My favorite fishing proverb (ancient Chinese):

	"If you want to be happy for a moment 
               get drunk.
           If you want to be happy for 3 days
               get married.
           If you want to be happy for a week
               kill your pig and eat it.
           If you want to be happy for life
               learn to fish."
[PICTURE]


Reel Adventures

For those interested, my brother Richard and a fellow contracting friend, Terry Deeny, guide and put together fishing trips. They do a nice job in scouting sites and organizing trips. They can be reached at 1-206-483-1971 (Rick Egge) or 1-206-722-0633 (Terry). They're not into computers, so more primitive communication methods must be used. Any E-Mail inquiries will be passed along.

Places I have fished

Pacific Salmon

[Chinook] [Coho] [Chum] [Sockeye] [Pink] [Steelhead]

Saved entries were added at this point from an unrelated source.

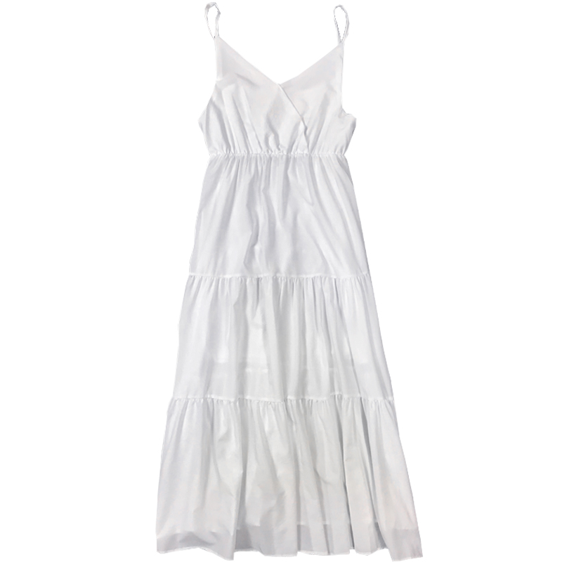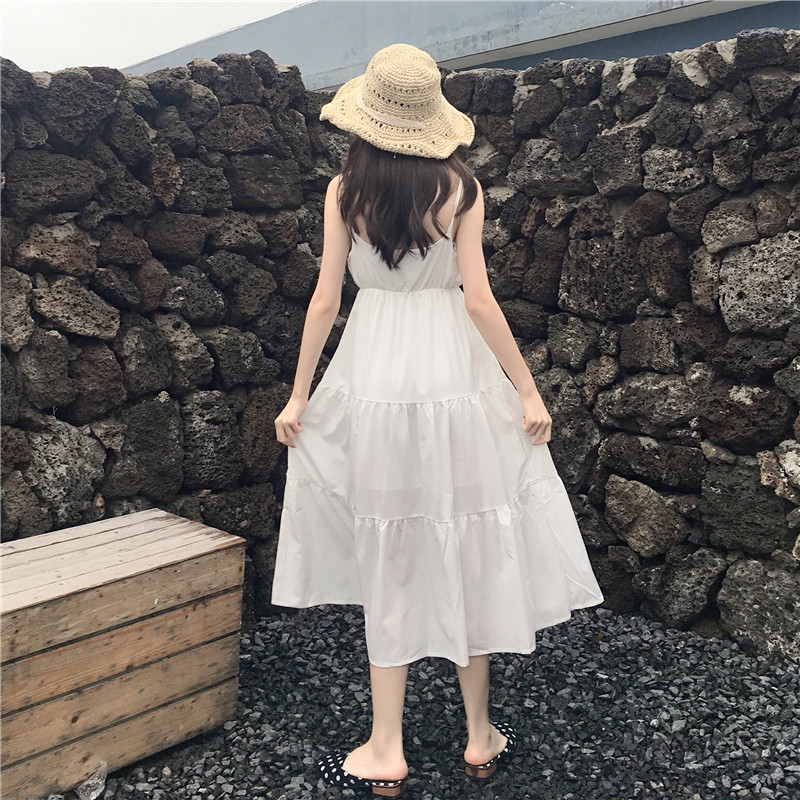 / 秋裝2018新款 夏季大碼女裝高腰顯瘦V領白色收腰吊帶連衣裙子女
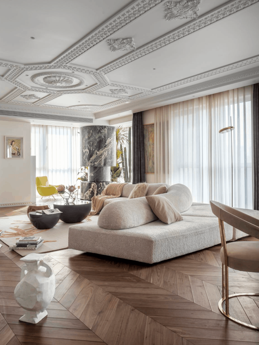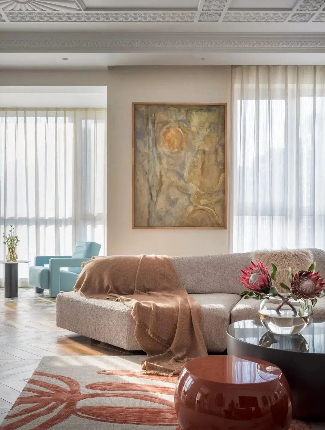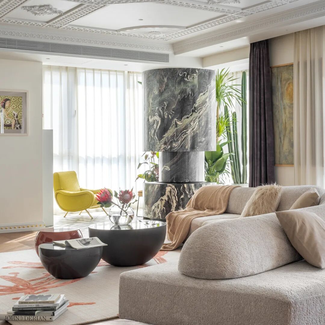 成长的过程中,对彼此、对生活的认知也在改变。从远离市区的别墅,到城市中心的公寓,一家人提出更高的使用要求:Kelly自身对生活美学的追求、与先生相伴的二人时光、儿子与儿媳假期回来小住、老人的生活便利性等。爱静想要为其呈现一个颠覆以往所有住宅设计、从视觉到身心的全新的体验,将自由、舒适、优雅的美学态度释放出来。
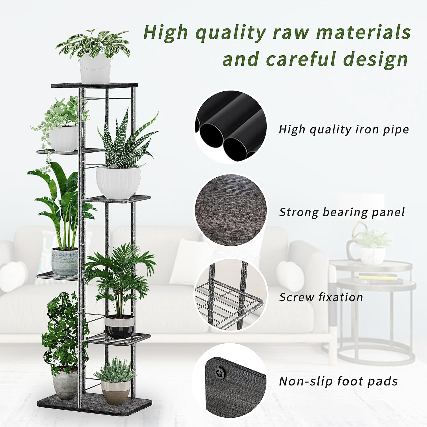 - 2.[Sturdy and Durable】This plant stand adopts a unique 4-tier layered design for even load bearing and not easy to deform, the thickened metal tube can withstand up to 150lbs, and its own feet can protect the floor well.
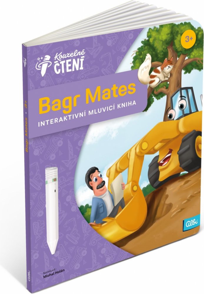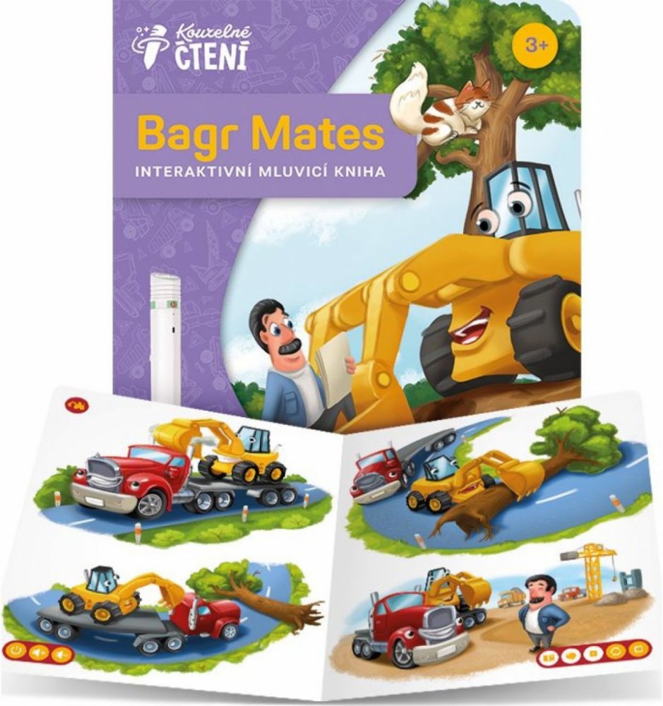 Interaktivní mluvicí dětská kniha Bagr Mates z edice Kouzelné čtení seznámí děti od 3 let s dobrodružstvím roztomilého bagru na stavbě. Myslíte si, že se na stavbě nemůže stát nic, co by stálo za řeč? Tak to jste ještě neslyšeli o stavbě, kde je stavbyvedoucím pan Makovička. Právě přijel nový bagr, kterého náklaďák Rudolf pojmenoval Mates. Už cestou na stavbu se Mates osvědčil při odklízení stromu, a to ještě netušil, jakým se stane hrdinou. Matesovi se totiž podaří vykopat poklad nebo odhalit strašidlo, kterého se bojí jeho kamarádi. A nejen to! Pojďte zjistit, co všechno bagr Mates na stavbě zažil. Kniha Bagr Mates obsahuje přes 500 zvukových stop.

There are six species of Pacific Salmon indigenous to the Western Coast of North America. This was recently revised through a decision by the American Fisheries Society from five to include Steelhead (now designated as Oncorhynchus Mykiss) in recognition that there is no generic differences in the species from previosly grouped Pacific Salmon. Unlike their relative, the Atlantic Salmon, a Pacific Salmon returns only once to breed and die (the Steelhead is an exception to this behavoir and some of the species return to spawn more than once). Salmon turn reddish in color (the Steelhead turn blackish) when returning into fresh water, and males develop hooked noses. From their exact redd, where they hatch in the many rivers of the West Coast ranging from Alaska to California, the Pacific Salmon goes to sea and returns, traveling thousands of miles, to renew and die in predetermined life cycles. It is one of the wonders of nature.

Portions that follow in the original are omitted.